Friday mystery object #233 answer

Last Friday I gave you a variety of mandibles to have a go at identifying. They lacked a scale bar and represented a range of different species that have similarities in mandible shape.

There were some great cryptic suggestions of identities, but it must be said that Jake came through with a really clear and pretty much spot-on list of suggestions. So here are the answers in a handy form that might be useful for reference:

mystery233b

The Sheep and Cow have a distinctive upward inflexion at the end of the mandible, with the Cow’s being so strong that the incisors start above the level of the top of the molar tooth row – unlike the Sheep’s.

This inflexion is much less marked in the Red Deer, which has a narrower body of the mandible, presumably relating to the less intensive chewing of a browser compared to grazers (grass is tough stuff). The Deer also has a notch along the bottom of the jaw, which Jake pointed out as a useful feature.
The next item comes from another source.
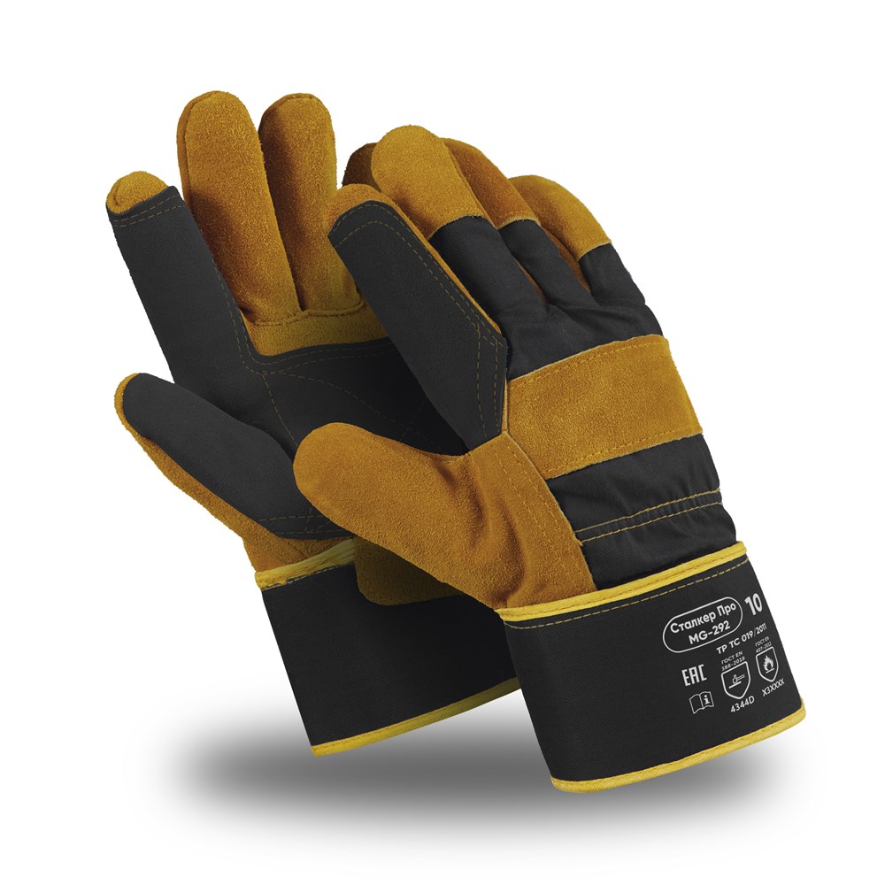 Перчатки СТАЛКЕР ПРО (MG-292), спилковые комбинированные, усиленные, крага, цвет коричнево-синий

The Pig mandible tapers less overall, but is thicker at the end with the articulation – presumably because the omnivorous Pig is chewing differently, using the temporal muscles more than the masseter muscles and therefore needing a different area of the jaw for muscle attachment. The teeth are also pretty distinctive. Like the Pig, the Donkey mandible lacks the long and hooked coronoid process, but is also very triangular in shape with quite squared teeth – features typical of an equid.

So hopefully that gives you some pointers for telling some common herbivore mandibles apart when you don’t have a scale bar – a more common problem for some of us than you might think…

3 thoughts on “Friday mystery object #233 answer

  1. The profiles of the tops of the molariform teeth are interesting: the equid’s look much flatter. I assume that this reflects the different structure of the teeth (which, in an occlusal view, would have made the non-artiodactyl D stand out immediately, I hope).